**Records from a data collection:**
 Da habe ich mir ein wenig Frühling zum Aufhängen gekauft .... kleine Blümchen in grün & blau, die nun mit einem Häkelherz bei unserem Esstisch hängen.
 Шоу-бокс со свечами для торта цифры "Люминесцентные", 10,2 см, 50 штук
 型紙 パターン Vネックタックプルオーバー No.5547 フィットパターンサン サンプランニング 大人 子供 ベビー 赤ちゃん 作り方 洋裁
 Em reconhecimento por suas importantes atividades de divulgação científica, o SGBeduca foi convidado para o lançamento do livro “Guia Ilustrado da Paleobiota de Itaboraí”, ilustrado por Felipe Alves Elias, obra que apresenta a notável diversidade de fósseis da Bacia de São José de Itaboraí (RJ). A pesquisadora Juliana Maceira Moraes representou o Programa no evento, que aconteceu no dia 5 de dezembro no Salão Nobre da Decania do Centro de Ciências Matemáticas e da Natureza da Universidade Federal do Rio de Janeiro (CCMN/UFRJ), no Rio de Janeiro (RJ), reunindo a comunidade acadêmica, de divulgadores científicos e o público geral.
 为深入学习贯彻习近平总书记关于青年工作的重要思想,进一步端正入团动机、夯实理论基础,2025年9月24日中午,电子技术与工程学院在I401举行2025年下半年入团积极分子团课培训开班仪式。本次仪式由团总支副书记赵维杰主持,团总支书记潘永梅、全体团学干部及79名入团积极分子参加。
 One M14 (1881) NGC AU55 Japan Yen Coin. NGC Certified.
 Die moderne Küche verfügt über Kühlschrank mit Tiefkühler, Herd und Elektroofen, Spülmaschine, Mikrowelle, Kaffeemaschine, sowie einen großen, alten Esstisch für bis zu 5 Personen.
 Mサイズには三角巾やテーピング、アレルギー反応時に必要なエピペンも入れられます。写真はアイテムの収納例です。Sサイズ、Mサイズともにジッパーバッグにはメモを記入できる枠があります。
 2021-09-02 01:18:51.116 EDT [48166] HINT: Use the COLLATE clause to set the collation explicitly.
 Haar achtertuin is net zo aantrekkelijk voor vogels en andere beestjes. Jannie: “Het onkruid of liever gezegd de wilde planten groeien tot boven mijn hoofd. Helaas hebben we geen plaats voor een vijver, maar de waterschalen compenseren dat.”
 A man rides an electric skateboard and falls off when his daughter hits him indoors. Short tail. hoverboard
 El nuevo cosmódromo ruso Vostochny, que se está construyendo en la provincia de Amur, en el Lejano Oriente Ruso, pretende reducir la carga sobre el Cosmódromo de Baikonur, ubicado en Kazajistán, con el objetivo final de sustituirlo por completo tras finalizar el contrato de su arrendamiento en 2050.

**WHAT IS REQUIRED:**
The records above are to be printed out again exactly, without omission.

**SOLVED PROBLEM:**
 Da habe ich mir ein wenig Frühling zum Aufhängen gekauft .... kleine Blümchen in grün & blau, die nun mit einem Häkelherz bei unserem Esstisch hängen.
 Шоу-бокс со свечами для торта цифры "Люминесцентные", 10,2 см, 50 штук
 型紙 パターン Vネックタックプルオーバー No.5547 フィットパターンサン サンプランニング 大人 子供 ベビー 赤ちゃん 作り方 洋裁
 Em reconhecimento por suas importantes atividades de divulgação científica, o SGBeduca foi convidado para o lançamento do livro “Guia Ilustrado da Paleobiota de Itaboraí”, ilustrado por Felipe Alves Elias, obra que apresenta a notável diversidade de fósseis da Bacia de São José de Itaboraí (RJ). A pesquisadora Juliana Maceira Moraes representou o Programa no evento, que aconteceu no dia 5 de dezembro no Salão Nobre da Decania do Centro de Ciências Matemáticas e da Natureza da Universidade Federal do Rio de Janeiro (CCMN/UFRJ), no Rio de Janeiro (RJ), reunindo a comunidade acadêmica, de divulgadores científicos e o público geral.
 为深入学习贯彻习近平总书记关于青年工作的重要思想,进一步端正入团动机、夯实理论基础,2025年9月24日中午,电子技术与工程学院在I401举行2025年下半年入团积极分子团课培训开班仪式。本次仪式由团总支副书记赵维杰主持,团总支书记潘永梅、全体团学干部及79名入团积极分子参加。
 One M14 (1881) NGC AU55 Japan Yen Coin. NGC Certified.
 Die moderne Küche verfügt über Kühlschrank mit Tiefkühler, Herd und Elektroofen, Spülmaschine, Mikrowelle, Kaffeemaschine, sowie einen großen, alten Esstisch für bis zu 5 Personen.
 Mサイズには三角巾やテーピング、アレルギー反応時に必要なエピペンも入れられます。写真はアイテムの収納例です。Sサイズ、Mサイズともにジッパーバッグにはメモを記入できる枠があります。
 2021-09-02 01:18:51.116 EDT [48166] HINT: Use the COLLATE clause to set the collation explicitly.
 Haar achtertuin is net zo aantrekkelijk voor vogels en andere beestjes. Jannie: “Het onkruid of liever gezegd de wilde planten groeien tot boven mijn hoofd. Helaas hebben we geen plaats voor een vijver, maar de waterschalen compenseren dat.”
 A man rides an electric skateboard and falls off when his daughter hits him indoors. Short tail. hoverboard
 El nuevo cosmódromo ruso Vostochny, que se está construyendo en la provincia de Amur, en el Lejano Oriente Ruso, pretende reducir la carga sobre el Cosmódromo de Baikonur, ubicado en Kazajistán, con el objetivo final de sustituirlo por completo tras finalizar el contrato de su arrendamiento en 2050.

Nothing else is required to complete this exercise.